Sea Wolf (A Compass Rose Novel, 2) by Anna Burke

Sea Wolf (A Compass Rose Novel, 2) by Anna Burke

Author:Anna Burke [Burke, Anna]
Language: eng
Format: epub
ISBN: 9781612942025
Publisher: Bywater Books
Published: 2021-06-08T23:29:25+00:00


East

Captain’s Log

Captain Miranda Stillwater

Man o’ War

February 25, 2514

11°52’12”N, 4°28’48”W

Raid scheduled to replete lost inventory and restore morale. Mission to Symbiont forestalled at the moment.

[Redacted]

Instructions: The following letter is to be given to Compass Rose in the event of my death.

Rose, I’m sorry. You were right to ask for time. You should never have given me any of your time. I wanted to protect you. But you’re right: that isn’t my call. You were naïve, when you came to my ship, but not as naïve as I thought you were—or as you thought you were. You surprised me. You surprised all of us. I’m not half as brave. When Amaryllis found me, I wanted to die. She gave me purpose, and she loved me, Rose, and she trusted me, which was a mistake. But she recognized something in me. It’s the same thing I recognized in her, and that I recognized in Comita, and, yes, that I recognized in you. We’re all willing to burn for what we believe in.

I’m not making excuses for her. She’s cold. She’s brutal. And I loved her, too. Not like I love you. She and I were never like that. But I know what it’s like to love someone like me: someone who can be monstrous. And, as I did, you eventually came to your senses and acted according to your principles. I hate that I’m proud of you for that.

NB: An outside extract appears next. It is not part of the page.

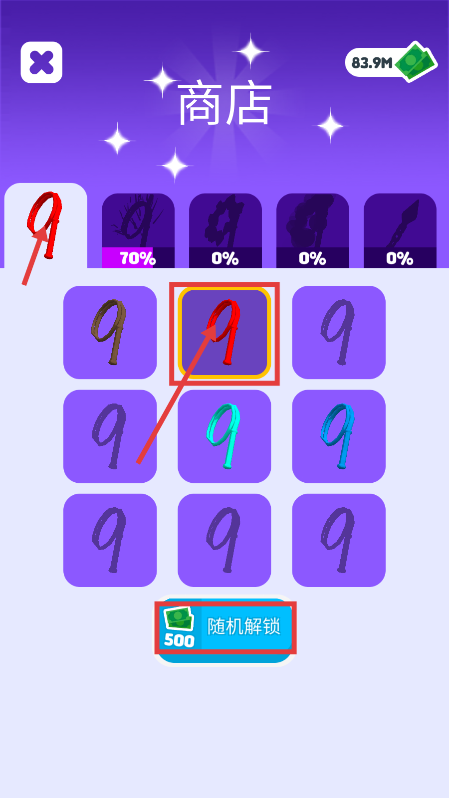 1、在【商店】界面可消耗资源点击【随机解锁】,获取不同样式的鞭子道具,提升道具多样性以应对不同关卡场景。

The people I love get hurt, Rose. When we first started this, I told myself I wouldn’t let you matter to me. That you were just a pretty pair of eyes. I couldn’t afford to lose anyone else. But then I got to know you. I saw the rage in you, beneath the surface, and I recognized it. We both know what it is to be tossed away. Because of that, I should have trusted you to understand. You deserve someone who respects you enough to trust you with their failures and their fears, as well as their successes. I wanted to be that person for you. But it was always going to take a long time to work past these scars, if I ever could. Still, I would have selfishly asked for your patience. I would have given you all the time you needed, and I would have been there, waiting, whenever you were ready.